(RECORDS PROVIDED)
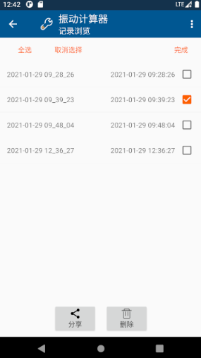 长按测试项目将切换至多选模式,在多选模式中可对多个测试项目进行删除和分享。点击“完成”返回单选模式。
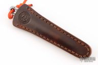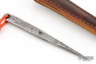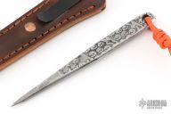 Hand forged by Ryan Johnson at the Gold Point Forge! The Thistle from Ryan is a handy small and discreet EDC companion, that is light enough to carry all day while still being substanial and easy to use. The shaft features a catacombs motif that adds a killer look while also providing a bit of extra traction. The triangular needle like point is perfect for when you need to mark, pry or poke a hole in somthin'! Added cordage on the back to aid in ease of deployment. Comes with a custom leather sheath with IWB clip and finished with Ryan's homemade dye concoction. Note: Each is hand made start to finish. There might be slight differences in dimensions and patterns. Just know yours is unique!
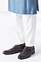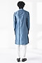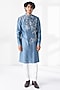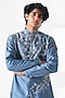 Featuring a storm blue kurta in cotton silk chanderi base with thread embroidery and a mandarin collar. It is paired with a cream pant-style pyjama. Style it with mojaris for a festive occasion, a cultural event, a haldi, a wedding, or an engagement ceremony.
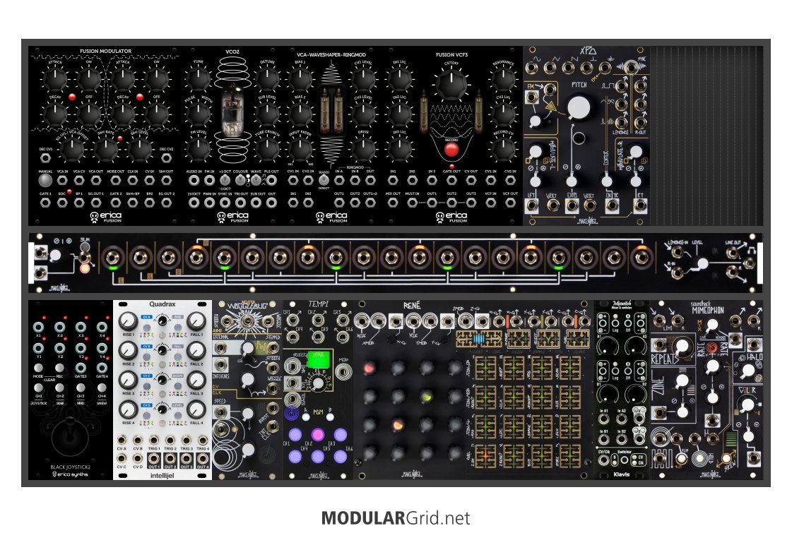 Power Consumption: 1299 mA +12V | 537 mA -12V | 0 mA 5V | Depth: 45 mm | Price: $3,905 | Number of Modules: 13 | Data Sheet Achtung This Rack contains modules with incomplete power consumption specs: none
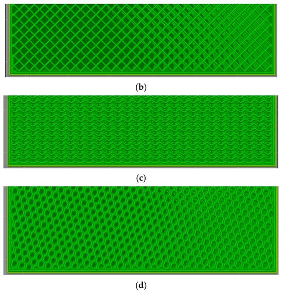 Used infill patterns: (a) cubic, (b) grid, (c) gyroid, and (d) honeycomb.
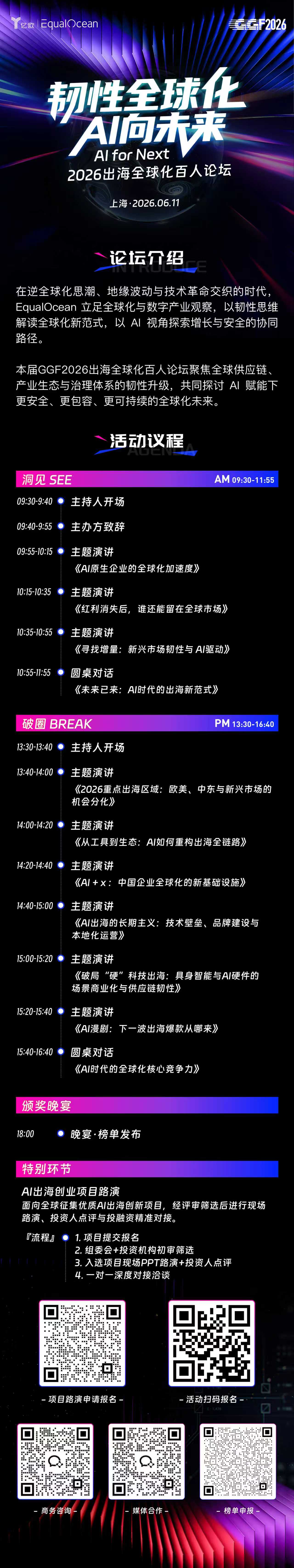 由出海全球化智库EqualOcean主办的2026出海全球化百人论坛(2026 GoGlobal Forum of 100,GGF2026)将于2026年6月11日在上海举行。
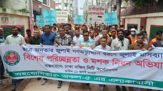 ছাত্র-জনতার গণঅভ্যুত্থান স্মরণে জুলাই মাসব্যাপী কর্মসূচির অংশ হিসেবে ঢাকা দক্ষিণ সিটি করপোরেশন (ডিএসসিসি) বিশেষ পরিচ্ছন্নতা ও মশক নিধন অভিযান পরিচালনা করছে।
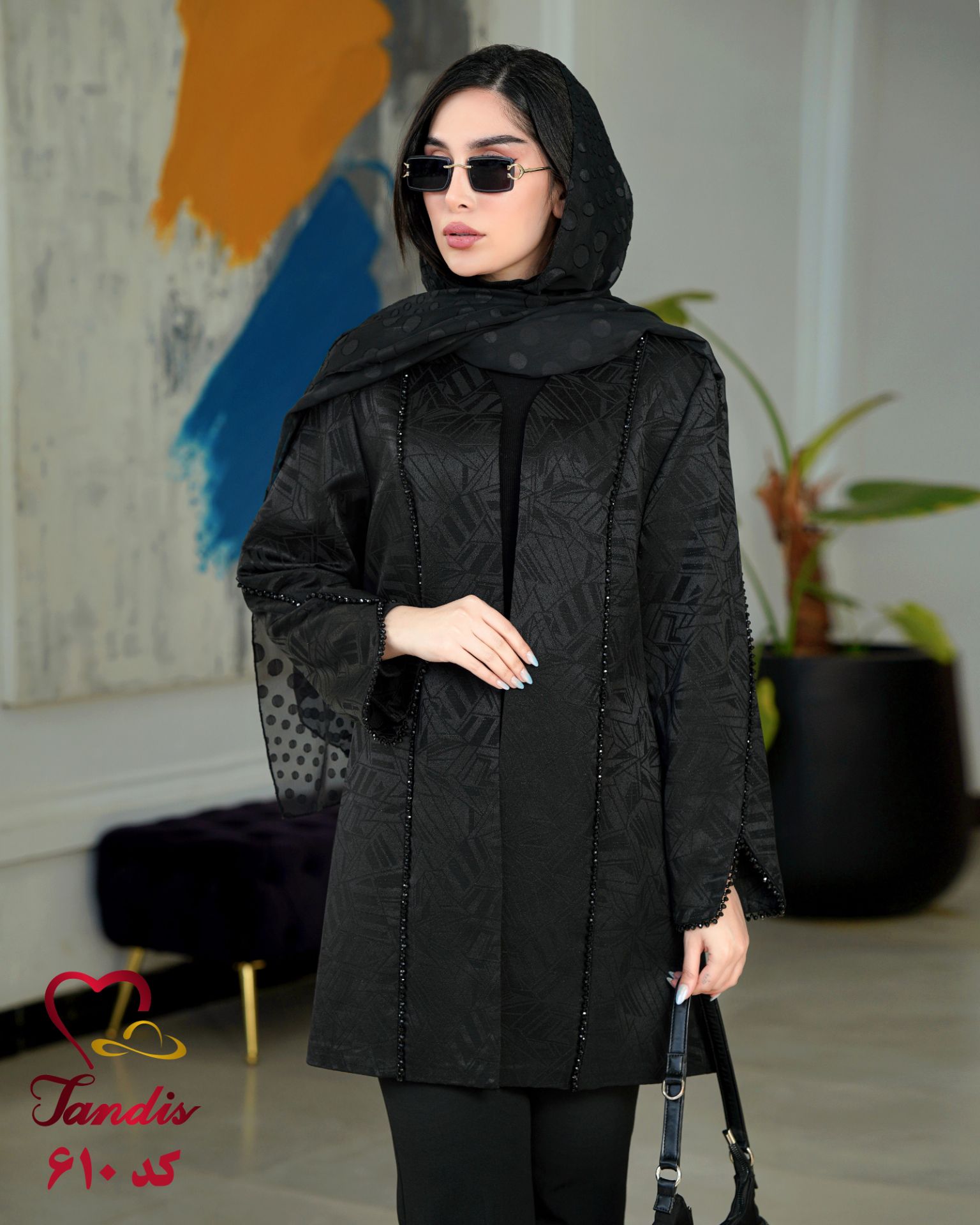 رنگ مشکی، به‌عنوان رنگی کلاسیک و جذاب، باعث می‌شود ترکیب جواهردوزی‌ها ظرافت بیشتری پیدا کند و در هر محیطی، از مهمانی‌های شب گرفته تا مراسم رسمی، بدرخشید.
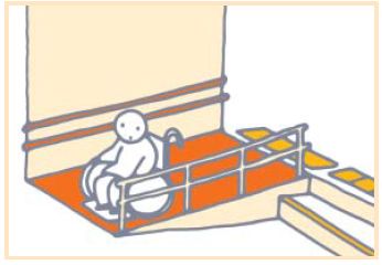 スロープは緩やかなものとし、手すりを設け、上端には点状ブロック等を敷設してください。長いスロープには踊り場を設けることも必要です。
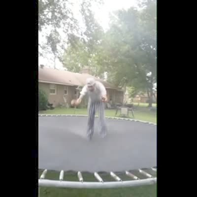 A woman jumps off a beanbag onto a treadmill that is already on and he falls down. The treadmill pulls her shorts off and then shoots her off the back.
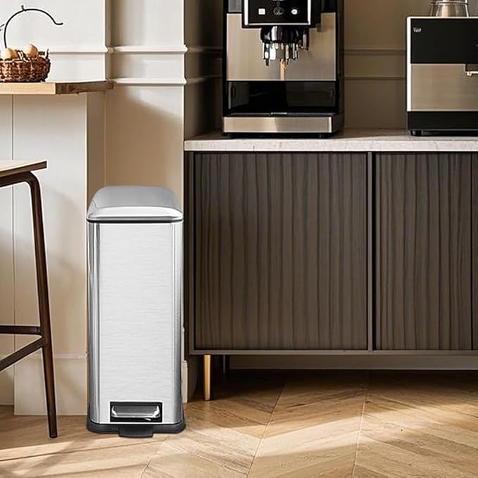 - 12 Gallon Step Trash Can: Our durable stainless steel foot pedal is built to last over 100,000 times, ensuring smooth and reliable operation for years to come.
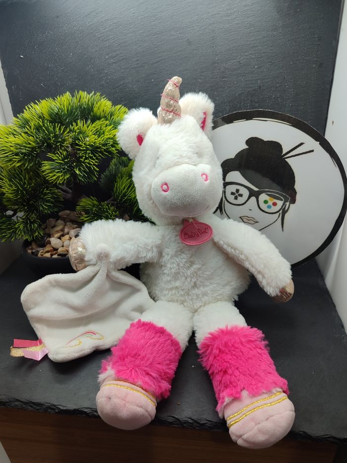 Baby Nat' Doudou mouchoir Peluche Licorne Bn0321 Blanc Rose Doré Arc En Ciel - photo numéro 1
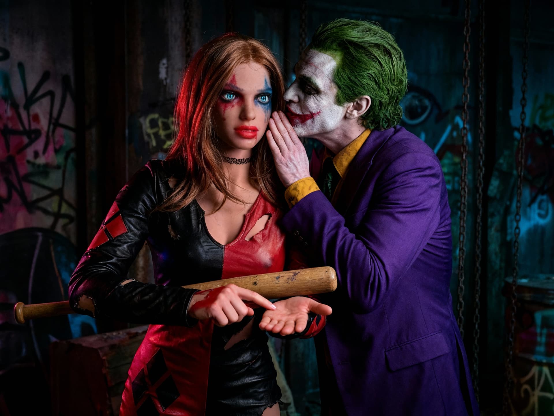 The Joker whispering evil nothings into Kim-Harley’s ear.
(End RECORDS PROVIDED)
*WHAT YOU HAVE TO DO:* No pictures go in the copy. Retype exactly the lines from the one with "スロープは緩やかなものとし、" through the last line of the entries above, both included, and nothing more.

*WRITTEN RESPONSE:*
 スロープは緩やかなものとし、手すりを設け、上端には点状ブロック等を敷設してください。長いスロープには踊り場を設けることも必要です。
 A woman jumps off a beanbag onto a treadmill that is already on and he falls down. The treadmill pulls her shorts off and then shoots her off the back.
 - 12 Gallon Step Trash Can: Our durable stainless steel foot pedal is built to last over 100,000 times, ensuring smooth and reliable operation for years to come.
 Baby Nat' Doudou mouchoir Peluche Licorne Bn0321 Blanc Rose Doré Arc En Ciel - photo numéro 1
 The Joker whispering evil nothings into Kim-Harley’s ear.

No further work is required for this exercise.